Saturday 24 October 2015

Lakes and Mountains and Starry skies

Bumper mended and back on track to Geraldine. We spent three nights near Gerlsdine walking and waiting to get a clear night. Why a clear night? Well, Geraldine has an old gent from Accrington in Lancashire who has his own observatory in the back garden and he was going to treat us to an astronomy viewing night. The first night was way too windy as we knew, second night was think cloud so just like Goldilocks the third night was just right. He has two observatories with four telescopes Sarah and I looked at Saturn and its moons (see below for a picture of what we saw), a shooting star, comet, Milky Way, Southern Cross, a linear Galaxy, the Jewel box constellation and Scorpio constellation to name but a few. 


Included this photo of the sun taken by Peter. He does supernova searching and observing plus he gives anyone who asks a free guided nights viewing of the night sky. Very educational and an extraordinary experience from an educated gentleman. All donations he gets go to educate kids in astronomy. 

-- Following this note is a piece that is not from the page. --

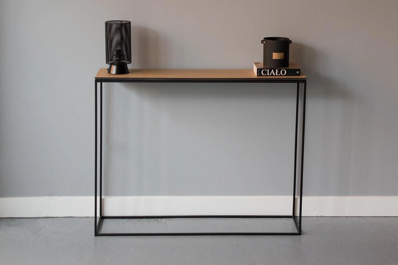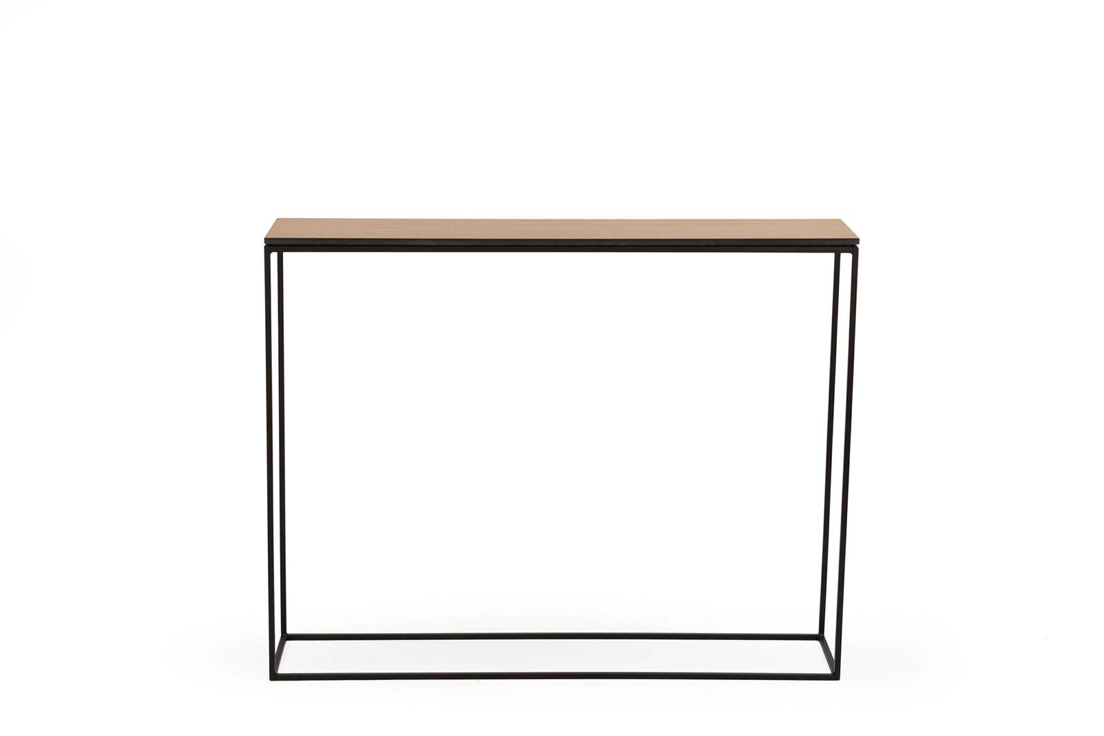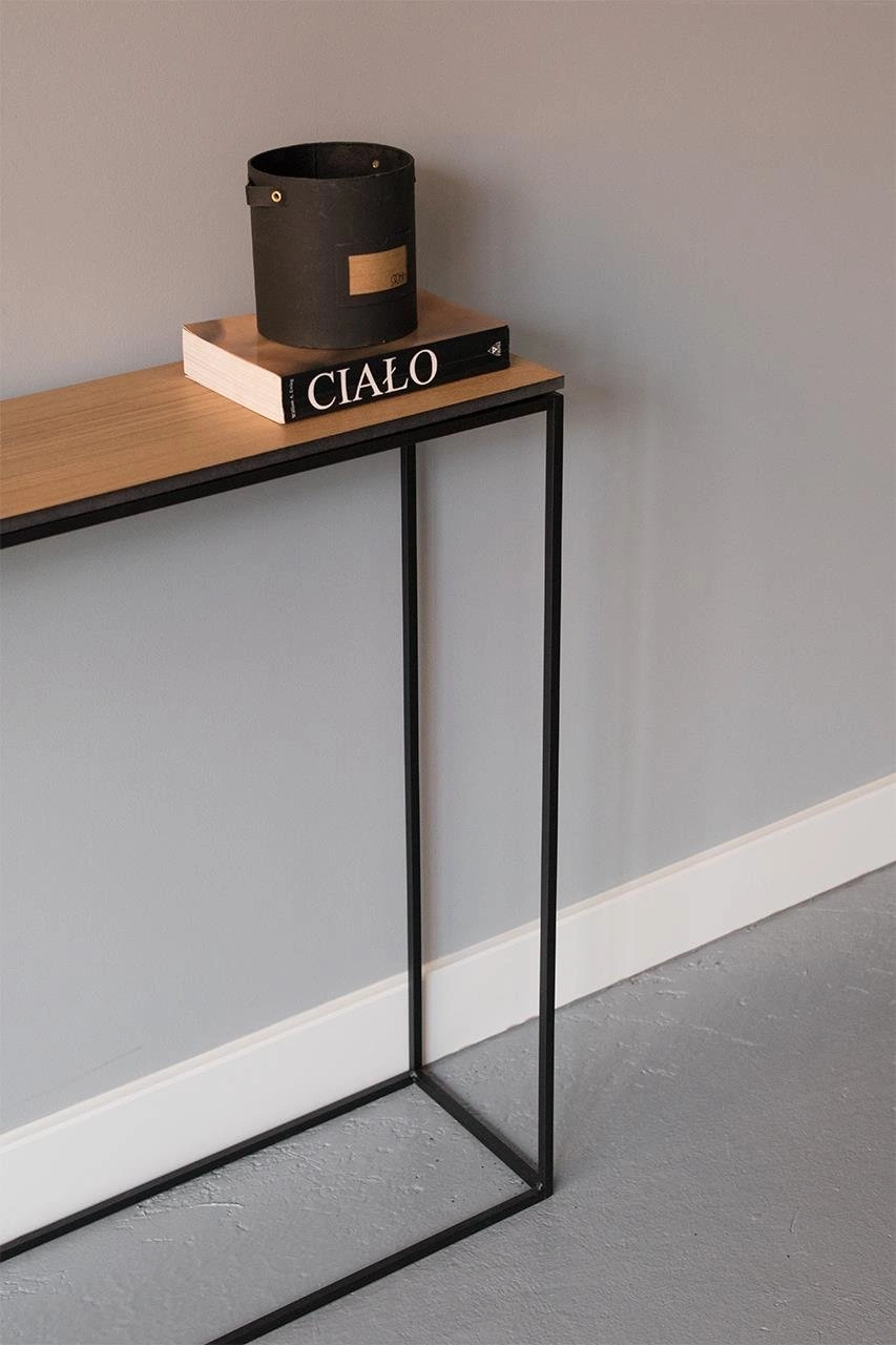 Jedním z nejdůležitějších rysů skandinávského stylu je jeho vyváženost. Další je spojení s přírodou, které se projevuje v materiálech použitých k výrobě nábytku. Horní deska a rám z přírodního dubu tyto dvě vlastnosti skvěle kombinují. ROZMĚRY: Výška: 78 cm Hloubka: 22 cm Šířka: 100 cm MATERIÁL: Kov, práškově lakovaný. Horní deska s přírodní dubovou dýhou. Hmotnost: 9,5,

Onward into the south islands centre and the lakes around Mt. Cook. The first stunning azure lake is Lake Tekapo with this tiny church perched on the lake edge. The view past the altar is probably the best pew view in the world with the lake and snow capped mountains behind. I guess the congregation would never tire of long sermons here. They still hold weekly Sunday service at 4pm. No pictures in the church but if look through the door that's the view the congregation has. 


Lake Alexandrina next to Lake Tekapo and the southern mountain range stretching across the horizon


Following day we travelled the short distance to Mt. Cook village campground passing Lake Pukati which is around twice the size of Tekapo. Look in the centre below the cloud and the little peak is Mt. Cook, New Zealand's highest mountain at approx. 3775m. A mere drop in the ocean after the Throng La Pass in Nepal at 5455m 


The Tasman Glacier near Mt. Cook seen here in the distance from our vantage point was 25 years ago higher than where we stood to take this picture, it's shrinking on average by half a kilometre a year and by 2027 it will only be 20km long. It doesn't look much like the glaciers we've seen on our travels as is full of rocks and as you can see the wind here is fierce. 


It was so wildly at the foot of Mt. Cook that we were rocked to sleep praying the awing on the rear of the van remained attached. In the morning it was torrential rain and no visibility so scampered down the road until we found dry weather and returned the next day in bright sunshine to complete our planned walk and view another glacier with ice bergs at the base of Mt. Cook via the Hooker Valley Track.